USDA's Farm Production and Conservation mission area was running on USWDS 1.x with fragmented design practices across multiple agencies. Development teams had no shared design language, no centralized documentation, and no consistent accessibility standards. The existing federal design system documentation was structured around system architecture rather than the needs of the developers and designers building with it.

The Approach

I led the modernization of the FPAC Design System, upgrading from USWDS 1.x to 3.x and coordinating with engineers to establish the build and distribution pipeline.

The biggest design decision was restructuring the documentation's information architecture. The USWDS site organizes its guidance across 8 top-level sections that reflect the system's internal architecture: Components, Patterns, Templates, Design Tokens, Utilities, and so on. That structure makes sense if you manage the system, but developers trying to implement a component and designers trying to understand what's available shouldn't need to think in those terms. I consolidated the site into 4 sections based on user workflows: a Style Guide (tokens + utilities), a Component Library (components + patterns + templates), Guidelines (accessibility + process), and a Home page for orientation.

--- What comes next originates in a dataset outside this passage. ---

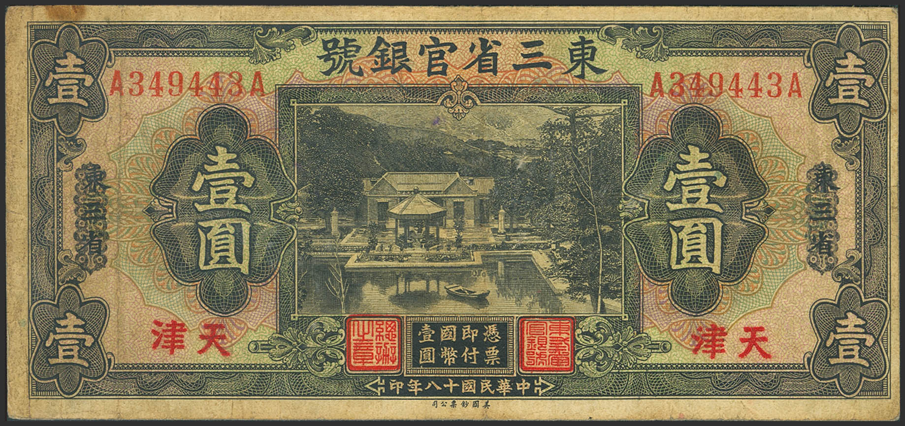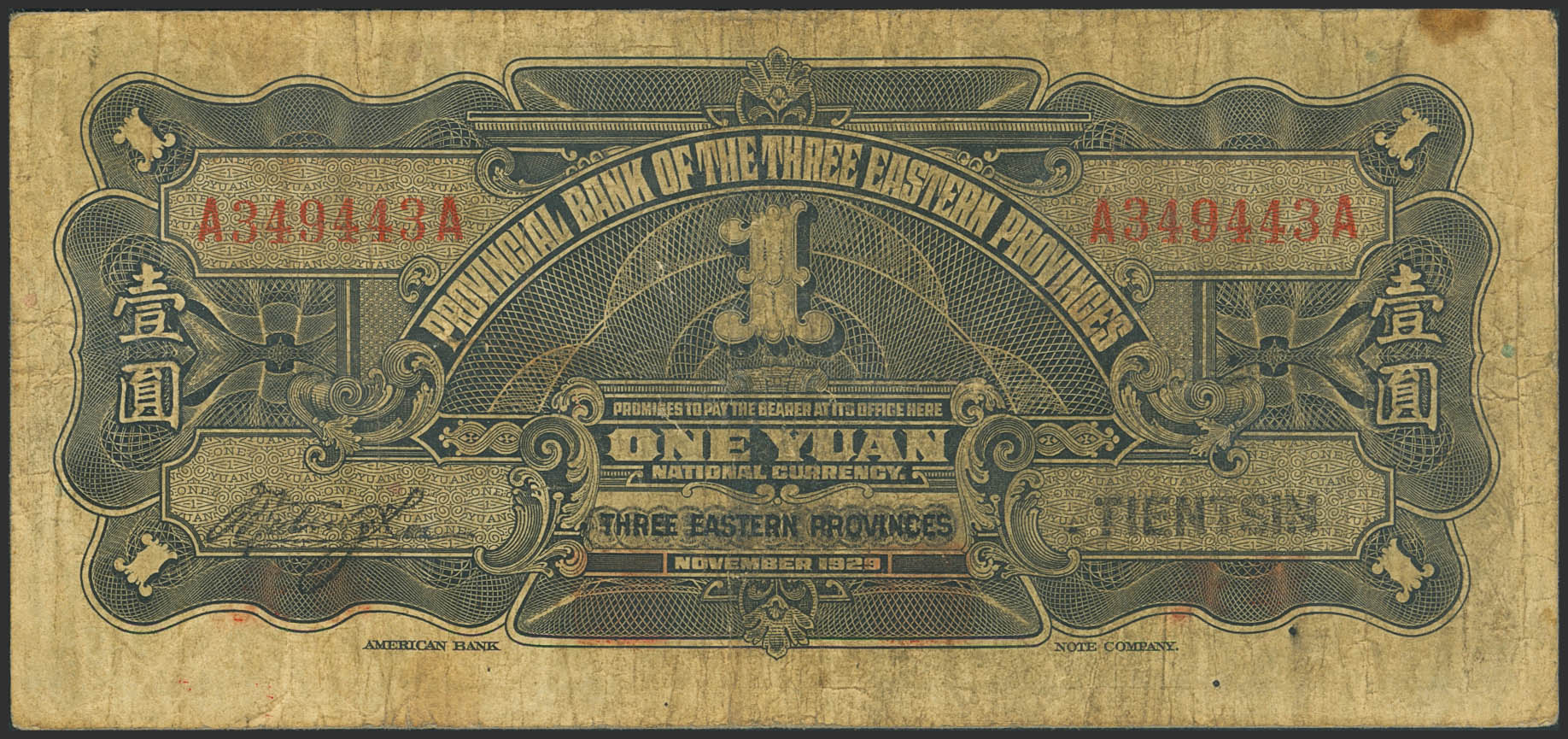 CHINA. 1 Yuan. November 1929. Provincial Bank of the Three Eastern Provinces. Tientsin. (Pick: S2962b). Pinhole. Fine.

Side-by-side comparison of USWDS navigation versus Civic navigation
USWDS organizes documentation around system architecture (top). Civic reorganizes it around designer and developer workflows (bottom).

I built the full 107-page documentation site in HTML, CSS/SCSS, and JavaScript. The Style Guide covers typography, color, layout, and visual style utilities with interactive examples. The Component Library documents approximately 60 components with implementation-focused content — I stripped out the system-level configuration details that were creating noise for the people doing the actual building. I also created comparison tables mapping the legacy FSA Design System (1.x) to the new FPAC Design System (3.x), so teams could see exactly what was changing and where their existing implementations needed to update.

Screenshot of a component page with interactive component examples
Each component page includes interactive component examples and the ability to copy the code for implementation.

Beyond the documentation, I updated the agency's Section 508 accessibility guidance to WCAG 2.2 AA, publishing it in both the Design System and on Confluence. I re-established the cross-agency FPAC UX Sync group, engaging design and development teams across NRCS, FSA, Farmers.gov, and RMA to drive adoption. I also built the case for enterprise Figma adoption across FPAC, researching costs and documenting use cases across mission areas.

Screenshot of style guide page showing design tokens and utilities
Design tokens and utilities consolidated into a single browsable style guide, organized for quick developer reference.

Reflection

A design system's documentation is the product for most of its users. You can build the most elegant token system in the world, but if a developer can't find what they need in under 30 seconds, it doesn't matter. I also learned that adoption can't be driven from one direction alone — it requires working bottom-up through developers, top-down through leadership, and middle-out through technical architects simultaneously.

After the contract ended, I forked the design system as the Civic Design System — an open-source resource for federal agencies and civic organizations to use as a starting point for their own USWDS-based design systems.